#### TRY IT:
Reproduce exactly, from the line containing "今回は包丁で切りましたが、ス", every line down to the end of the data below.
*** Opening DATA PROVIDED ***
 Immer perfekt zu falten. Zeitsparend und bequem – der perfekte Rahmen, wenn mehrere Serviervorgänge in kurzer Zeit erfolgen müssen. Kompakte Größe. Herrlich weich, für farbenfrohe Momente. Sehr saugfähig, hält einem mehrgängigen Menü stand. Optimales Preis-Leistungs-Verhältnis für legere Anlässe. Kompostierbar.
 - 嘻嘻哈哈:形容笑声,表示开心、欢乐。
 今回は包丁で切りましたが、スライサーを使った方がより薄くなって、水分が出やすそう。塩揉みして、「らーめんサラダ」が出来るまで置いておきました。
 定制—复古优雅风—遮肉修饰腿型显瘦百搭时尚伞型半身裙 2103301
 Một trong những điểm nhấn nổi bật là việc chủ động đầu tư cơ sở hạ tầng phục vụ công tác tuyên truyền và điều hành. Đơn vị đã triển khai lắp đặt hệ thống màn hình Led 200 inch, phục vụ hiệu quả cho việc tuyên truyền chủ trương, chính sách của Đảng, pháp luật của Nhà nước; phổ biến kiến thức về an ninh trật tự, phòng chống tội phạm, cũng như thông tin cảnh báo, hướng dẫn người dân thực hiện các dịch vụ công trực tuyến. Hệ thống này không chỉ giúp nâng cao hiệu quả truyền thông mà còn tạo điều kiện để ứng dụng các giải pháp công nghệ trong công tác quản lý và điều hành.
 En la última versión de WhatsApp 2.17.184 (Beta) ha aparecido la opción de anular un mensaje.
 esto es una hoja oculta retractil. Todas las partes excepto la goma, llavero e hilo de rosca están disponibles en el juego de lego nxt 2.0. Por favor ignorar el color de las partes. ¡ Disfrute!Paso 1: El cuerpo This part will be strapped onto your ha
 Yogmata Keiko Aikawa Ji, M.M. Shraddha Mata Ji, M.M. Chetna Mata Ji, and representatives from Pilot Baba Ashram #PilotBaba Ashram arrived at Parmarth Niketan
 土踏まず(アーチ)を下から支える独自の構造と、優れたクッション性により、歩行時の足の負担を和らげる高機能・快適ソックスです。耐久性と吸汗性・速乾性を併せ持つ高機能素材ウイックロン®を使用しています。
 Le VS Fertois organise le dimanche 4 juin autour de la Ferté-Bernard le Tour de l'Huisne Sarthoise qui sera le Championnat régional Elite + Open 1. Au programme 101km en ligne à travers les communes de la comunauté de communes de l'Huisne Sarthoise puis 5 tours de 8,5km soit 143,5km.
*** Closing DATA PROVIDED ***
#### TASK ANSWER:
 今回は包丁で切りましたが、スライサーを使った方がより薄くなって、水分が出やすそう。塩揉みして、「らーめんサラダ」が出来るまで置いておきました。
 定制—复古优雅风—遮肉修饰腿型显瘦百搭时尚伞型半身裙 2103301
 Một trong những điểm nhấn nổi bật là việc chủ động đầu tư cơ sở hạ tầng phục vụ công tác tuyên truyền và điều hành. Đơn vị đã triển khai lắp đặt hệ thống màn hình Led 200 inch, phục vụ hiệu quả cho việc tuyên truyền chủ trương, chính sách của Đảng, pháp luật của Nhà nước; phổ biến kiến thức về an ninh trật tự, phòng chống tội phạm, cũng như thông tin cảnh báo, hướng dẫn người dân thực hiện các dịch vụ công trực tuyến. Hệ thống này không chỉ giúp nâng cao hiệu quả truyền thông mà còn tạo điều kiện để ứng dụng các giải pháp công nghệ trong công tác quản lý và điều hành.
 En la última versión de WhatsApp 2.17.184 (Beta) ha aparecido la opción de anular un mensaje.
 esto es una hoja oculta retractil. Todas las partes excepto la goma, llavero e hilo de rosca están disponibles en el juego de lego nxt 2.0. Por favor ignorar el color de las partes. ¡ Disfrute!Paso 1: El cuerpo This part will be strapped onto your ha
 Yogmata Keiko Aikawa Ji, M.M. Shraddha Mata Ji, M.M. Chetna Mata Ji, and representatives from Pilot Baba Ashram #PilotBaba Ashram arrived at Parmarth Niketan
 土踏まず(アーチ)を下から支える独自の構造と、優れたクッション性により、歩行時の足の負担を和らげる高機能・快適ソックスです。耐久性と吸汗性・速乾性を併せ持つ高機能素材ウイックロン®を使用しています。
 Le VS Fertois organise le dimanche 4 juin autour de la Ferté-Bernard le Tour de l'Huisne Sarthoise qui sera le Championnat régional Elite + Open 1. Au programme 101km en ligne à travers les communes de la comunauté de communes de l'Huisne Sarthoise puis 5 tours de 8,5km soit 143,5km.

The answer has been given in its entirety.